Design and development
Wilbur Staib (1914-1993) was a self-taught aircraft designer from Diamond, Missouri. Staib served as a flight instructor during the  Second World War at Chanute, Kansas flying PT-14s. He designed and built five different "LB" (Little Bastard) aircraft and a helicopter, of which several had the title "world's smallest". He flew his aircraft in air shows with the title "The Diamond Wizard".

The LB-1 was a single engine, open cockpit biplane with conventional landing gear. The low-cost construction included using brazed steel bedspring wire for wing-ribs, and bed-sheet muslin covering.
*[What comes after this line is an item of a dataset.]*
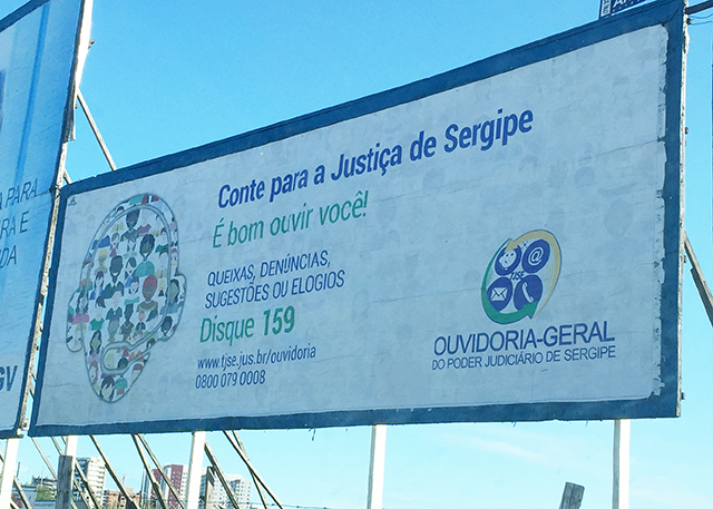 Está estampada em ônibus, outdoors, cartazes e veículos de serviço do Tribunal de Justiça de Sergipe a mais recente campanha da Ouvidoria Geral. Com o slogan ‘Conte para a Justiça de Sergipe. É bom ouvir você!’, a campanha divulga o disque 159, telefone através do qual podem ser feitas denúncias, queixas, sugestões ou elogios relativos ao trabalho do Judiciário. O material gráfico também traz outros canais de comunicação com a Ouvidoria: o site www.tjse.jus.br/ouvidoria e o 0800 079 0008.

The airfoil was patterned on a Taylorcraft BC-12D. The aircraft used three fuel tanks: one in the headrest, one in the baggage compartment and one against the firewall. The red and white checkerboard-painted aircraft was outfitted with a smoke system for air show work.

Operational history
Staib used the LB-1 to perform on the pro-akro circuit, performing stunts such as inverted ribbon cuts. His LB-1 was comparable to the Pitts Special flown by Betty Skelton at the same shows. The aircraft performed from 1949 to 1952. The prototype was registered as late as 1990.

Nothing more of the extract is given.